Determining the real energy consumption and usage pattern of a room air-conditioner (RAC) are important issues from the point of view of both RAC design and evaluation of its energy efficiency. An air-conditioner's running time is fundamental data for the calculation of SEER and APF values. Therefore, in 2010, a nationwide investigation of RAC usage was conducted and 400 selected air-conditioning-units were monitored for a full year to obtain data on their cooling and heating usage. Two running time curves (cooling and heating) were obtained for the air-conditioners as a function of outdoor air temperatures using statistical analysis. The results show that the 27–30 °C temperature range accounts for more than 52% of the cooling time. Conversely, the 0–8 °C temperature range is associated with more than 75% of the heating time. The research presented in this paper has significantly contributed to China's new variable-speed RAC efficiency standard (GB21455-2013).

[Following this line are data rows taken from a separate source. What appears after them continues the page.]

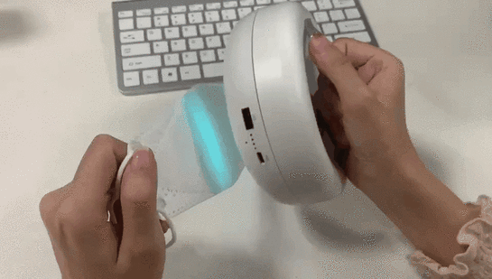 使い捨てマスクの除菌にも最適!わずか数十秒で除菌完了!!乾かす手間も洗う手間もありません。
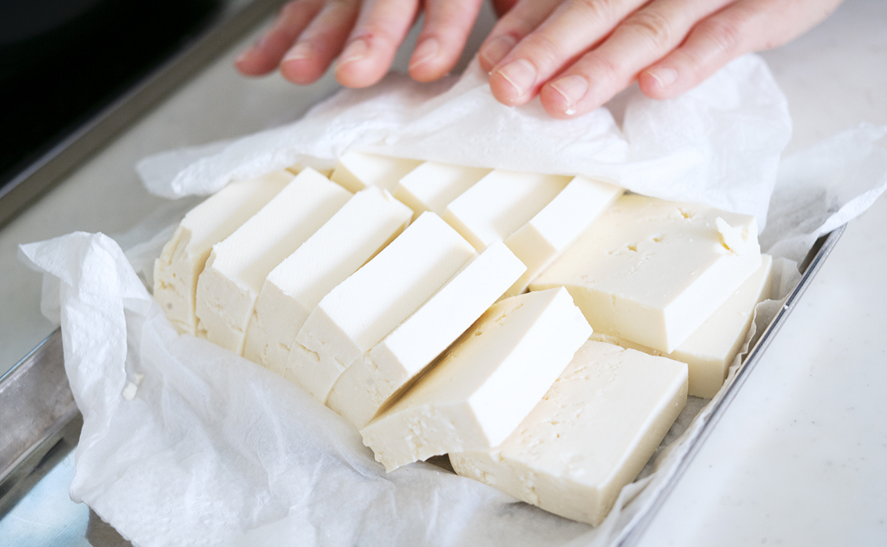 【3】木綿豆腐は食べやすい大きさにきり、キッチンペーパーで抑えて水気を拭き取る。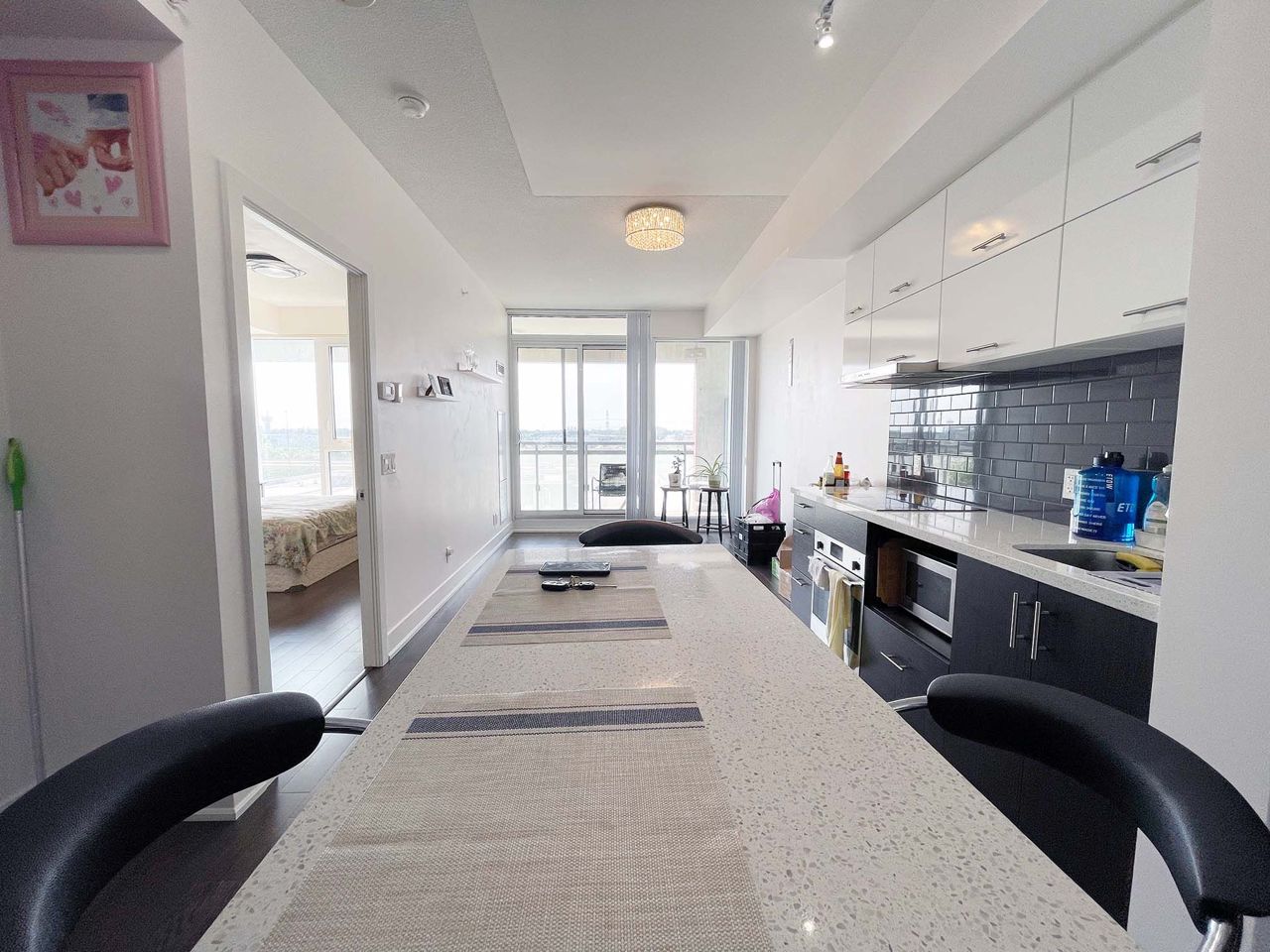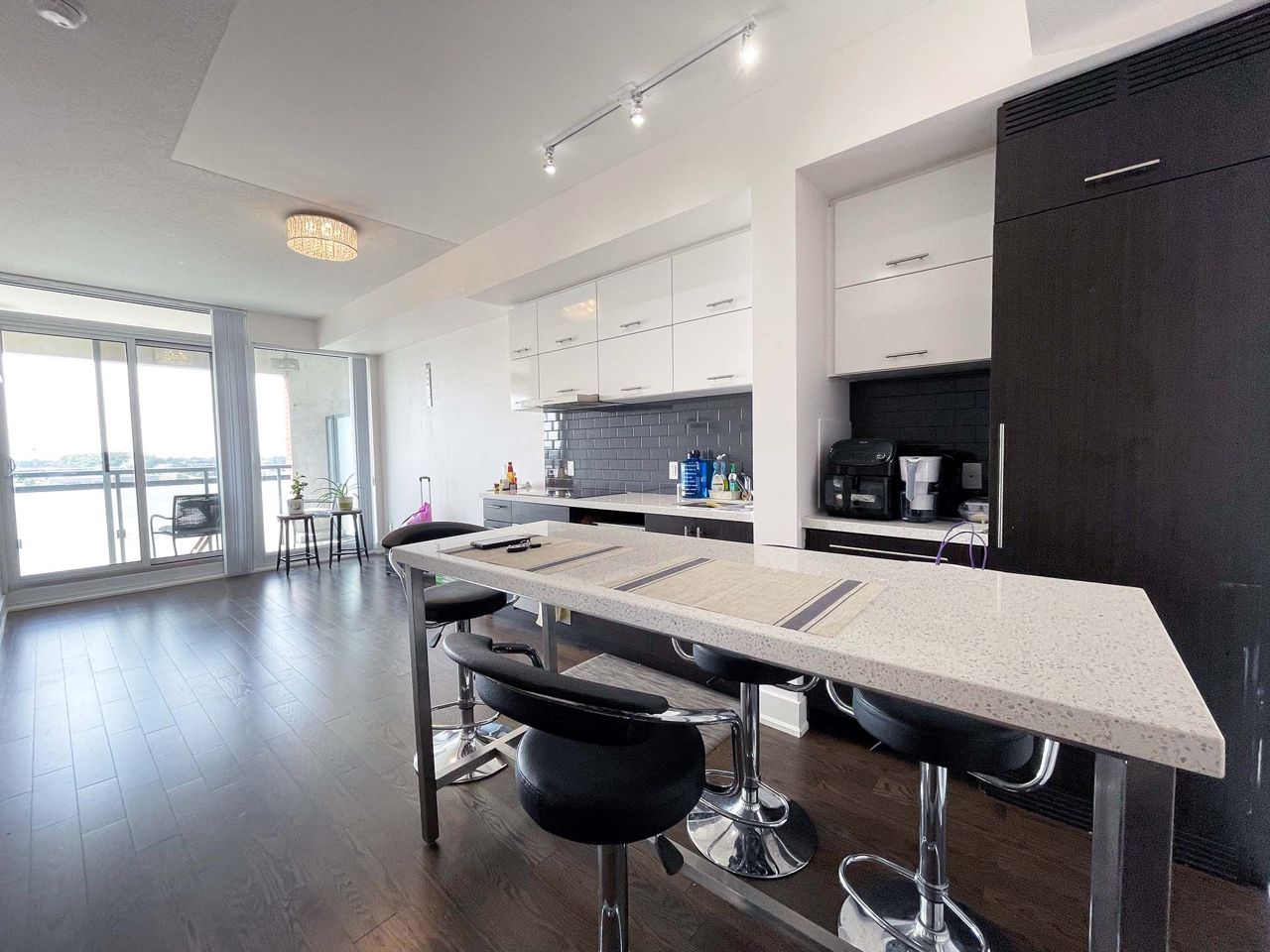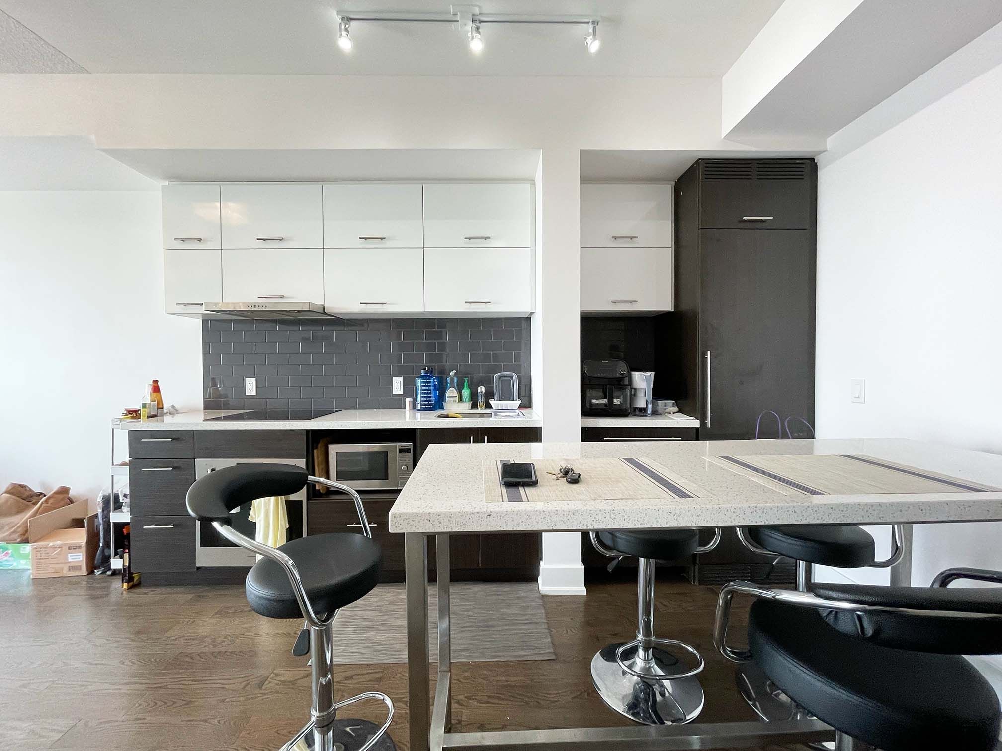 South facing sunlight filled condo unit in the heart of downtown Markham with hotel amenities. Large unobstructed floor to ceiling windows fill the rooms with lots of sunlight. Master bedroom has a walking closet and private ensuite. Den can be used as a 2nd bedroom. Modern open concept kitchen features S/S Appliances, Quartz counter top, and breakfast island. 9ft Ceilings. Close to Hwy 404/407, grocery, public transit, and restaurants. Short walk to Cineplex, and future York University Campus. Unit comes partially furnished.Fridge, Stove, Rangehood, Dishwasher, Washer & Dryer, Existing Light Fixtures, and One Parking Included.

It also has far-reaching implications for both the air-conditioner industry and energy policy in China due to its different method of calculating energy efficiency.

Suggested Citation

  • Wu, Jianghong & Liu, Chaopeng & Li, Hongqi & Ouyang, Dong & Cheng, Jianhong & Wang, Yuanxia & You, Shaofang, 2017. "Residential air-conditioner usage in China and efficiency standardization," Energy, Elsevier, vol. 119(C), pages 1036-1046.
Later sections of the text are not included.